United Behavioral Health (UBH) and the Alcatel-Lucent Medical Expense Plan, an employee health plan now owned by Nokia, have filed a petition for a writ of certiorari before the U.S. Supreme Court. They are seeking to overturn a decision of the U.S. Court of Appeals for the Tenth Circuit affirming Utah’s court ruling against them for failing to cover a middle school student’s inpatient mental health treatment and awarding the family benefits. The case is United Behavioral Health et al. v. David K. et al., case number 23-586, Supreme Court of the United States.
A three-judge panel of the Tenth Circuit found that UBH had improperly handled and denied the family’s claim for inpatient mental health benefits for their daughter, Amy K., because it had failed to conduct a full and fair review of their claim. The company’s review, which failed to acknowledge the opinion of Amy’s doctors, resulted in the approval of a three-month inpatient stay instead of the 12-month inpatient stay recommended by her doctors after repeated hospitalizations from multiple suicide attempts.
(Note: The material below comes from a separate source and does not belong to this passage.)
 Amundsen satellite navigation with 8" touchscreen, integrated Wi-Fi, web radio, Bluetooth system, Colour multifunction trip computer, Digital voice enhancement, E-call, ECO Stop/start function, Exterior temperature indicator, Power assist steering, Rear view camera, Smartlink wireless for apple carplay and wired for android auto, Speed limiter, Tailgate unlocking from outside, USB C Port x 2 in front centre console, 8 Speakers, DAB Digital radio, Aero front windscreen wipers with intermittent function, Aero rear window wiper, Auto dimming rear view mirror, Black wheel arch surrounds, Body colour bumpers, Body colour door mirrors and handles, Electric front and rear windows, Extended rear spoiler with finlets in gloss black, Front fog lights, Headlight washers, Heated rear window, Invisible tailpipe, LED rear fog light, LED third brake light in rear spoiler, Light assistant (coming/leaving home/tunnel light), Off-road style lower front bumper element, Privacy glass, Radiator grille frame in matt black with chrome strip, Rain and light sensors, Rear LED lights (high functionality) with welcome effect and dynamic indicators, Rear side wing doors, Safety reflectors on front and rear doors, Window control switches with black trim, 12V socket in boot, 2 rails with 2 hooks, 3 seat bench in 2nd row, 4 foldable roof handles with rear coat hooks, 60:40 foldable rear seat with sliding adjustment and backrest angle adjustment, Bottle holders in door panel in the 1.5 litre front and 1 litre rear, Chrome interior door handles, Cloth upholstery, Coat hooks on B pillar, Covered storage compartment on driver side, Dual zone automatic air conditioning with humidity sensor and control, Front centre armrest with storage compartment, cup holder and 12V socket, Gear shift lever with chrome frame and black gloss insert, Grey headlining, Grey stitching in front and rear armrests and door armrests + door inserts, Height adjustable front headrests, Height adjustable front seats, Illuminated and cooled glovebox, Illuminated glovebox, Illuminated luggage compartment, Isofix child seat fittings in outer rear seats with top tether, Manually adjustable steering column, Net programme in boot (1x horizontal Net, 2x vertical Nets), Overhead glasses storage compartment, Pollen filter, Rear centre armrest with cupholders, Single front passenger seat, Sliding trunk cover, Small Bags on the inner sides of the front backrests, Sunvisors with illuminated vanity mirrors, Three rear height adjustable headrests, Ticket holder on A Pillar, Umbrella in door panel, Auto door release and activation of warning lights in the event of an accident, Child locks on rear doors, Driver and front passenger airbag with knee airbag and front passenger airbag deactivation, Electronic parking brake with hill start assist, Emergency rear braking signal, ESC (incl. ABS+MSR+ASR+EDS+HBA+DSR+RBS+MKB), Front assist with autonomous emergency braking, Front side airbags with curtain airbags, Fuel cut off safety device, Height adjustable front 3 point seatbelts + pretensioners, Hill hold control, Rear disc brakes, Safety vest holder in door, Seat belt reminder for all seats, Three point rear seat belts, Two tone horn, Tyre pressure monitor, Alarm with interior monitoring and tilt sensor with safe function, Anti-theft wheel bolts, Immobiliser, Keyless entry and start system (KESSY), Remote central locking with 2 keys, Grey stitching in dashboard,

Amy’s family first filed suit against UBH and the plan in 2017. The family notified the court of Amy’s death just days before the oral argument in UBH’s appeal before the Tenth Circuit in October 2022. Ultimately, the Tenth Circuit panel not only upheld the Utah trial court’s June 2021 decision to award the family damages but also refused to remand the claims to the plan administrator, finding it unnecessary due to its arbitrary and capricious actions.
In its cert petition, UBH argues that courts cannot impose requirements on ERISA plan administrators that neither Congress nor the U.S. Department of Labor (DOL) have imposed. More specifically, UBH argues that the court cannot require it to explain why it disagrees with the claimant’s treating physician’s recommendations. According to UBH, the panel’s holding in this respect directly contradicts the U.S. Supreme Court’s ruling in Black & Decker Disability Plan v. Nord and decisions of the Second, Fifth, Ninth, and Eleventh Circuit Courts of Appeal.
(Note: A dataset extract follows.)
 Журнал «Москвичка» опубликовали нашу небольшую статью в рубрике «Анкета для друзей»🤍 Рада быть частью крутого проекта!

UBH acknowledged that the DOL could adopt regulations requiring plans to discuss treating provider options in its decisions, as it did by amending its disability regulations 13 years ago. However, the DOL amended only its disability regulations, not its health benefits regulations.
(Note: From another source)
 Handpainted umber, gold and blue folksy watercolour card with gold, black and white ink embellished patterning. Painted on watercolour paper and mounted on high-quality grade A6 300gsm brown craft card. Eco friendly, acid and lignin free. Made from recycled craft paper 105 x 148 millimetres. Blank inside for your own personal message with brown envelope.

UBH also challenged the Tenth Circuit panel’s refusal to consider portions of the administrative record under the arbitrary and capricious standard of review. The company claimed that the panel’s decision changed the judicial review process used by most circuits and undermined congressional intent to explain benefits decisions in simple and understandable terms. According to UBH, these changes increase the burdens on the benefits plans.